Most Americans have never heard of Dr. Richard Whitley, an expert in pediatric infectious diseases at the University of Alabama-Birmingham.
Yet as the coronavirus pandemic drags on and the public eagerly awaits a vaccine, he may well be among the most powerful people in the country.
Whitley leads a small, secret panel of experts tasked with reviewing crucial data on the safety and effectiveness of coronavirus vaccines that U.S. taxpayers have helped fund, including products from Moderna, AstraZeneca, Johnson & Johnson and others. The data and safety monitoring board - known as a DSMB - is supposed to make sure the medicine is safe and it works. It has the power to halt a clinical trial or fast-track it.
Shielding the identities of clinicians and statisticians on the board is meant to insulate them from pressure by the company sponsoring the trial, government officials or the public, according to multiple clinical trial experts who have served on such panels. That could be especially important in the pressure-cooker environment of COVID vaccine research, fueled by President Donald Trump's promises to deliver a vaccine before Election Day.
As pharmaceutical companies work to produce one as quickly as possible, the board's anonymity has stirred concerns that the cloak of secrecy could, paradoxically, allow undue influence. Whitley, for example, represents the specialized world these experts inhabit - a professor revered in academia who also is paid by the drug industry.
Any political pressure to rush pharmaceutical companies or lean on federal regulators to prematurely greenlight a vaccine would undermine a system put in place to ensure public safety. Calls are growing for companies and the government to be more open about who's involved in reviewing the vaccine trials and whether board members have any conflicts of interest.
"We want to know they're truly independent," said Dr. Eric Topol, director of the Scripps Research Translational Institute and a specialist in clinical trials. "The lack of transparency is exasperating."
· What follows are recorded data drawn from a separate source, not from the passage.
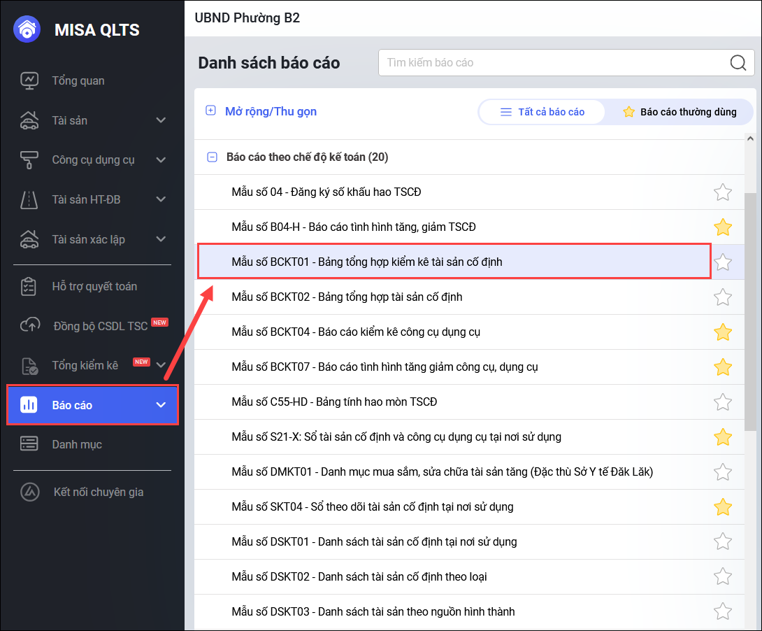 Bước 1: Vào menu Báo cáo\Báo cáo theo chế độ kế toán\chọn Mẫu số BCKT01 – Bảng tổng hợp kiểm kê tài sản cố định.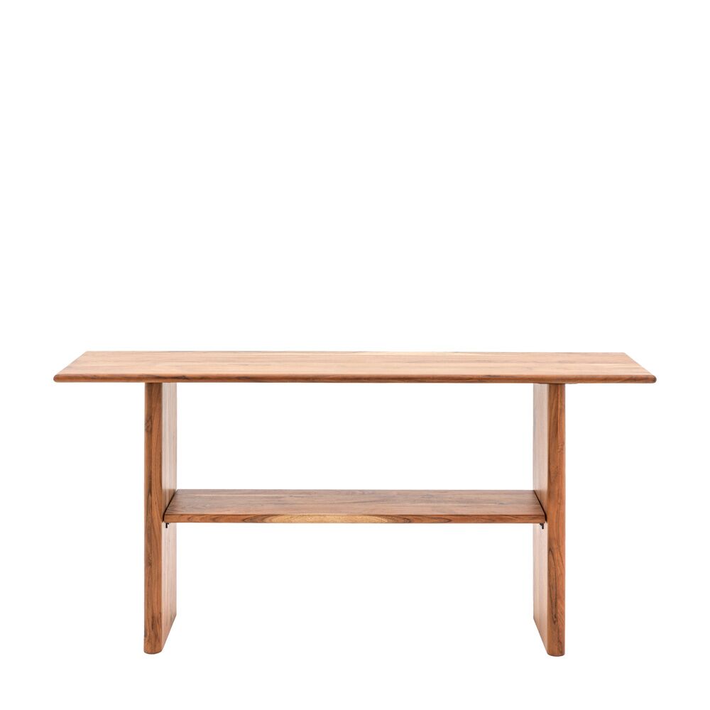 The simple design of this console table lets the richly grained Acacia wood speak for itself, with a wide top and legs showing off the beautiful wood. An additional lower shelf for extra storage makes this Console table a practical and stylish addition to any room. Coordinating further furniture pieces also available.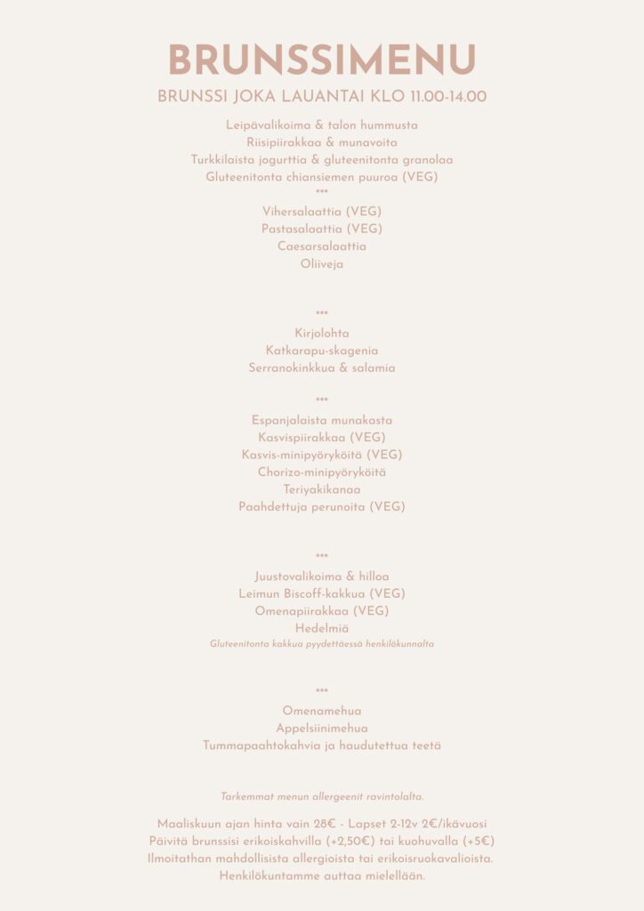 Brunssi lauantaisin klo 11.00-14.00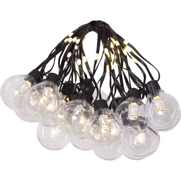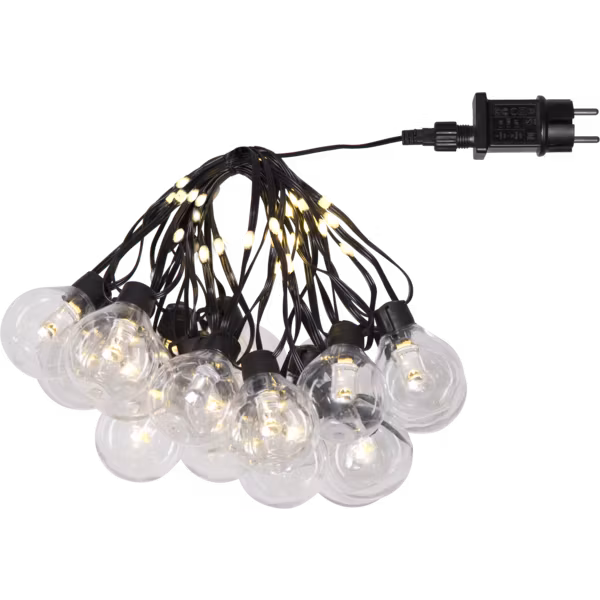 Skapa stämning året runt med Bolla, en vacker och mångsidig ljusslinga för utomhusbruk från Star Trading. Slingan är utrustad med 20 klara glober (4 cm) – och mellan varje glob finns ytterligare 2 små varmvita ljuspunkter som ger ett mjukt, levande sken. Perfekt för både vardagsmys, altanen, pergolan och festliga tillfällen.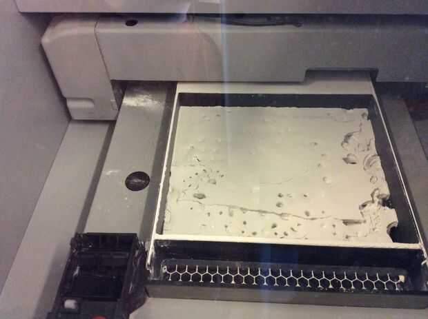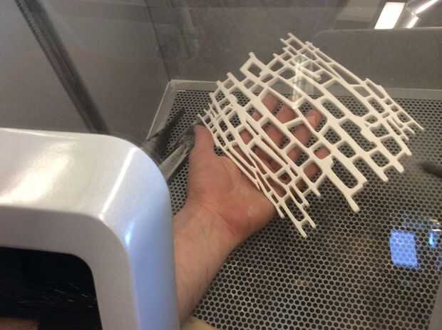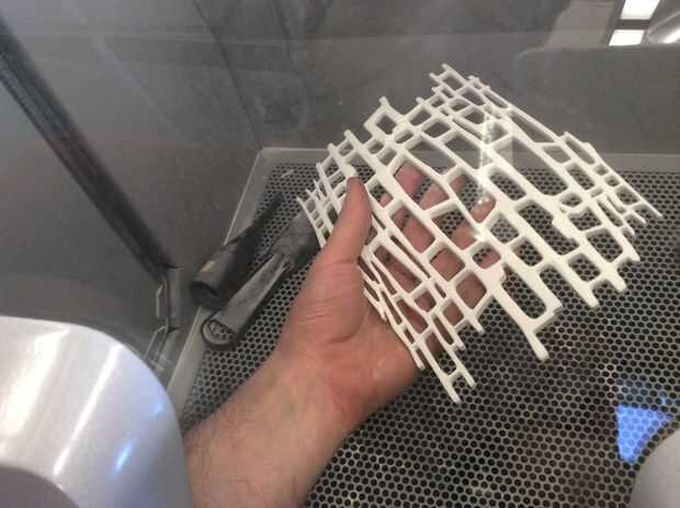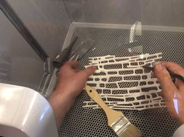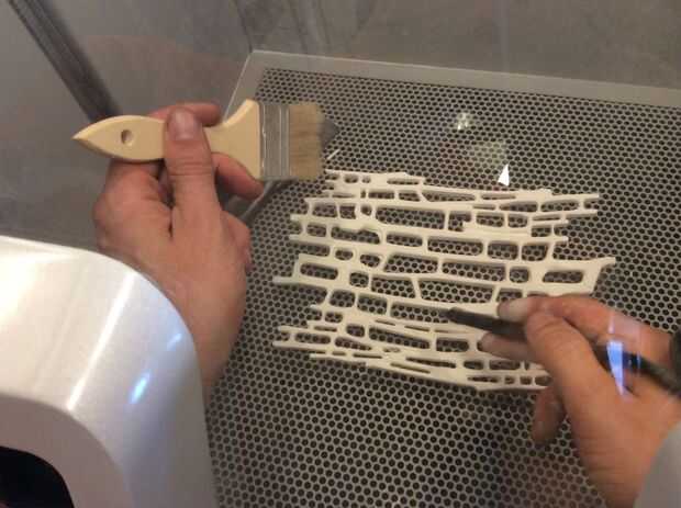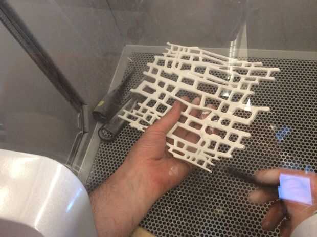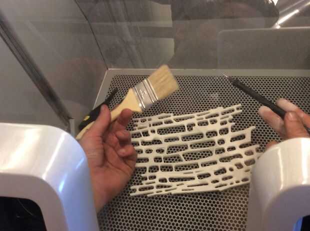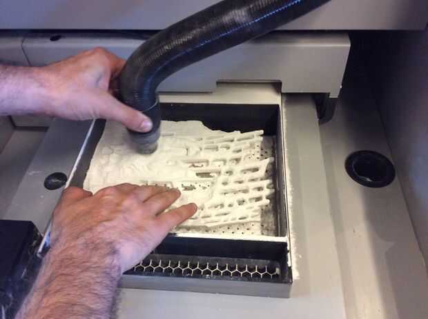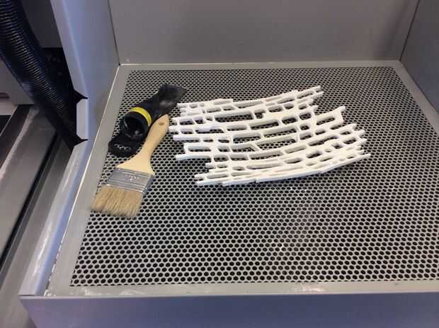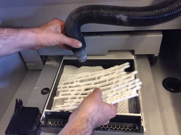 Introducir la máquina en modo de depowdering, tendrá un segundo para calentar y usted oirá el compresor de aire encender. Utilice la manguera de aire en el lado derecho de la máquina para quitar cualquier polvo residual de su parte. En orden para el tratamiento de cualquier post que puede hacer para trabajar, debe quitarse todo el polvo suelto. Asegúrese de voltear la pieza y utiliza la pistola de aire por todos lados. Cuando se ha eliminado el polvo colocó la parte de la base de acoplamiento y apague la depowdering. Espere a que el polvo resolver a continuación, abrir las puertas y quitar su parte.

Data and safety monitoring boards have existed for decades to vet new drugs and vaccines, acting as a backstop to help ensure unsafe products don't make their way to the public. Typically, there's one board for each product. This time, a joint DSMB with 10 to 15 experts will review unblinded data across trials for multiple coronavirus vaccines whose development the U.S. government has helped fund, according to five people involved in the Trump administration's Operation Warp Speed or other coronavirus vaccine work. It is run through the National Institute of Allergy and Infectious Diseases at the National Institutes of Health and consists of outside scientists and statistical experts, not federal employees, NIH Director Francis Collins said on a call with reporters.
"Until they are convinced that there's something there that looks promising, nothing is unblinded and sent to the FDA," Collins said. "I doubt if there have been very many vaccine trials ever that have been subjected to this size and the rigor with which it's being evaluated."
The NIH safety board oversees trials in the U.S. from Moderna, Johnson & Johnson and AstraZeneca, U.S. officials and others involved in Operation Warp Speed said, but not Pfizer, which is fully funding its clinical trial work and established its own five-member safety panel. Pfizer has attested that it can conclusively determine by late October the effectiveness of its vaccine, being jointly developed with German company BioNTech. It secured a $1.95 billion purchase agreement with the Department of Health and Human Services for the first 100 million doses produced. The agreement gives HHS the option to buy an additional 500 million doses.